Write out the lines of the material below exactly, beginning at the line with "To change the priority, select" and stopping after the line with "The Pontifical Swiss", and leave out the pictures.

▶ AVAILABLE DATA
__________________________________________________

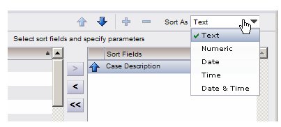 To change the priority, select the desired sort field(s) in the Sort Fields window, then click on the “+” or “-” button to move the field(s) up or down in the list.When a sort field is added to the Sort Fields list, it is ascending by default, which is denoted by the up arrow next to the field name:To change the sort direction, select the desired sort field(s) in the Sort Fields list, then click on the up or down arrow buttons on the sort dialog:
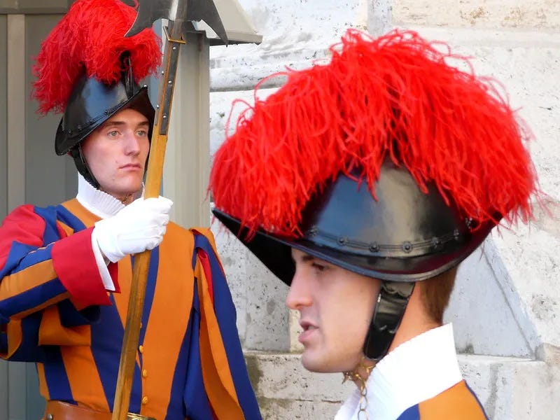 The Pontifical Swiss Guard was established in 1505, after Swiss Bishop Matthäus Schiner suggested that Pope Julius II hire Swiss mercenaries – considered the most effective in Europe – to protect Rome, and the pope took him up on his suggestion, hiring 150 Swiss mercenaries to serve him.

__________________________________________________

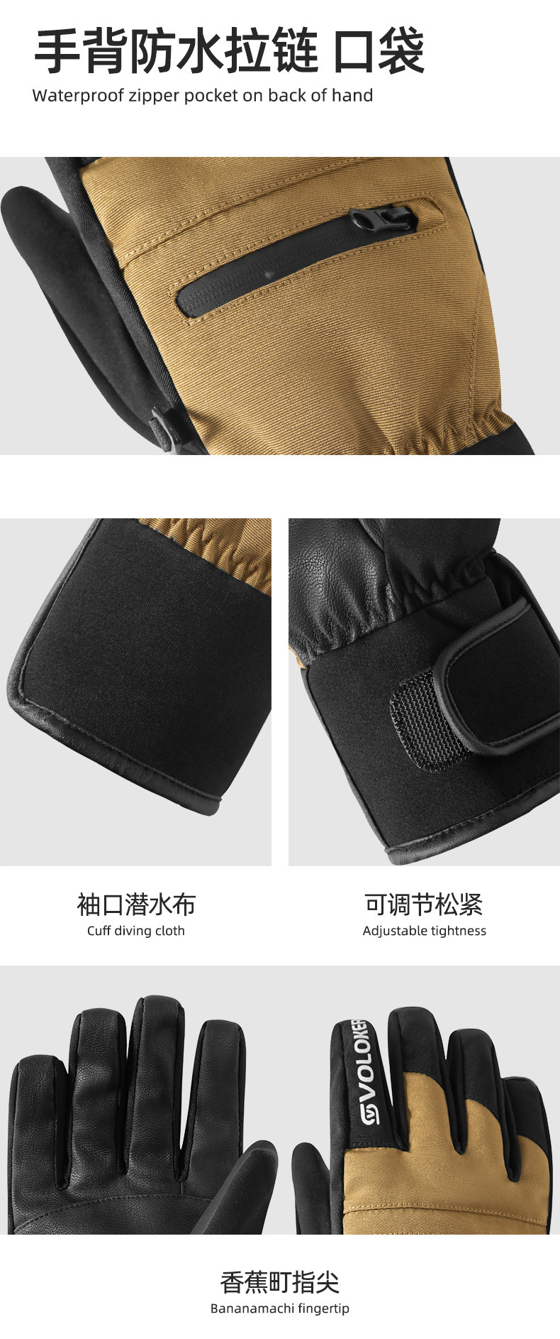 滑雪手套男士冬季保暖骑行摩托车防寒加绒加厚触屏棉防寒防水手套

__________________________________________________

▶ RESPONSE TO THIS EXERCISE
 To change the priority, select the desired sort field(s) in the Sort Fields window, then click on the “+” or “-” button to move the field(s) up or down in the list.When a sort field is added to the Sort Fields list, it is ascending by default, which is denoted by the up arrow next to the field name:To change the sort direction, select the desired sort field(s) in the Sort Fields list, then click on the up or down arrow buttons on the sort dialog:
 The Pontifical Swiss Guard was established in 1505, after Swiss Bishop Matthäus Schiner suggested that Pope Julius II hire Swiss mercenaries – considered the most effective in Europe – to protect Rome, and the pope took him up on his suggestion, hiring 150 Swiss mercenaries to serve him.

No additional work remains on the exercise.